**What is being asked:** Write out the entries exactly. None of the pictures should appear in the copy.

Segment Start: Extracted information

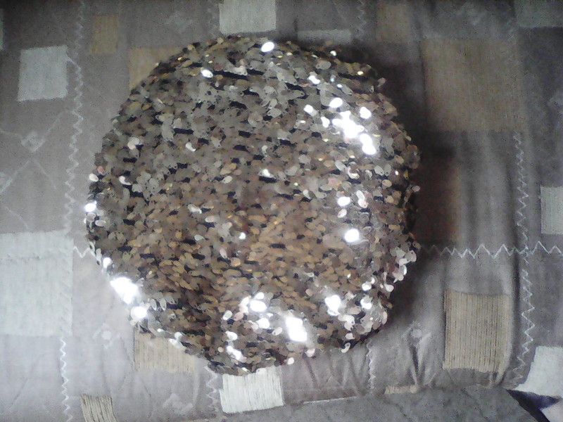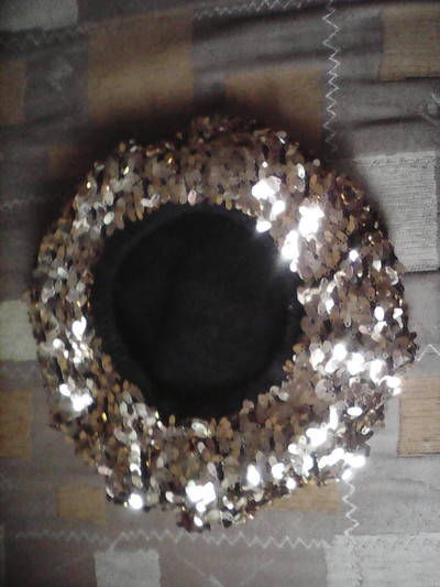 Берет нарядный с золотыми пайетками. Размер универсальный. Практически не носился. Теплый. Основа шерстяная. |
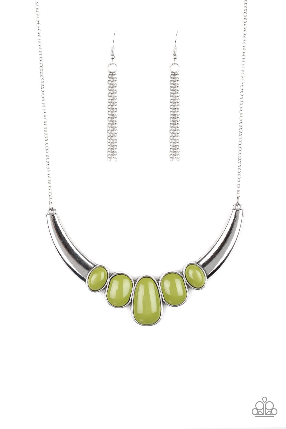 Gradually increasing in size at the center, a collection of abstract green beads are pressed into a shimmery half-moon frame, creating a colorful statement piece below the collar. Features an adjustable clasp closure.
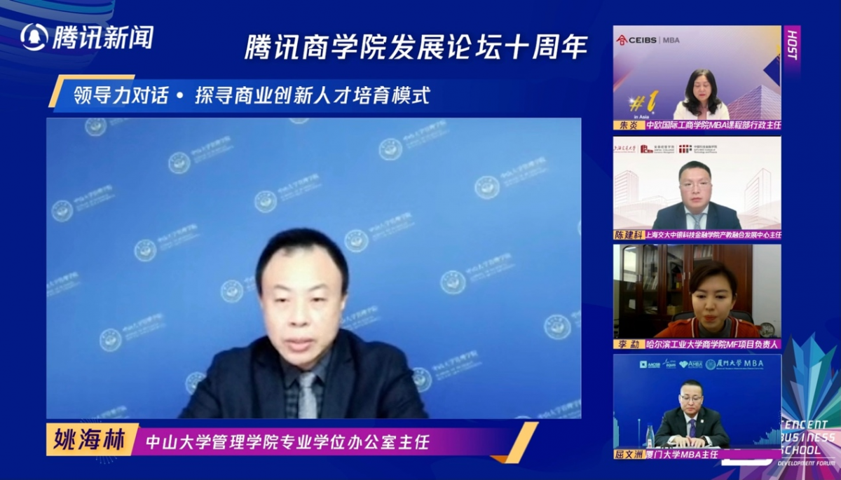 我院专业学位办公室主任姚海林博士受邀参加了“探寻商业创新人才分培育模式”线上圆桌主题论坛。姚主任就经济“双循环”新格局下,我院专业学位商科人才的差异化定位、国际化培养以及打造核心竞争力的做法进行了分享。
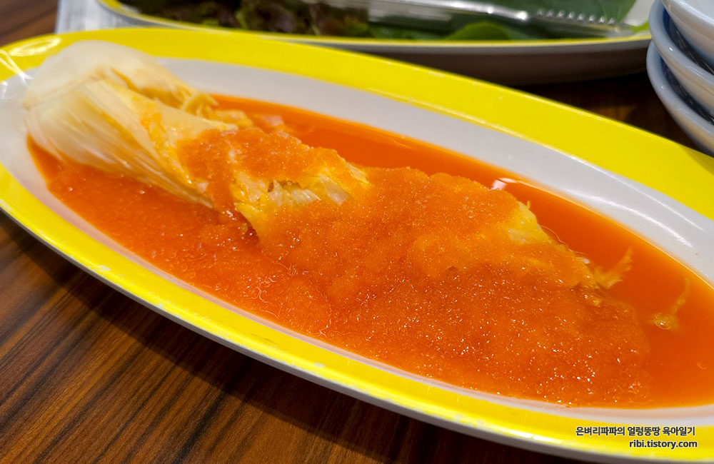 집게와 가위를 이용해 먹기 좋은 크기로 잘라, 함께 결들 여진 양념장에 콕 찍어 먹으면 되는군요.
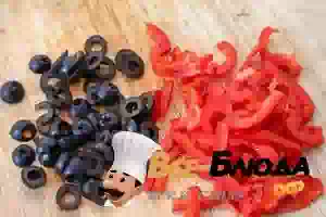 3. Подготовить все продукты для начинки. Сладкий перец очистить от семян и перегородок, нарезать тонкими полосками. Маслины нарезать колечками.

Segment End: Extracted information

**Answer for this exercise:**
 Берет нарядный с золотыми пайетками. Размер универсальный. Практически не носился. Теплый. Основа шерстяная. |
 Gradually increasing in size at the center, a collection of abstract green beads are pressed into a shimmery half-moon frame, creating a colorful statement piece below the collar. Features an adjustable clasp closure.
 我院专业学位办公室主任姚海林博士受邀参加了“探寻商业创新人才分培育模式”线上圆桌主题论坛。姚主任就经济“双循环”新格局下,我院专业学位商科人才的差异化定位、国际化培养以及打造核心竞争力的做法进行了分享。
 집게와 가위를 이용해 먹기 좋은 크기로 잘라, 함께 결들 여진 양념장에 콕 찍어 먹으면 되는군요.
 3. Подготовить все продукты для начинки. Сладкий перец очистить от семян и перегородок, нарезать тонкими полосками. Маслины нарезать колечками.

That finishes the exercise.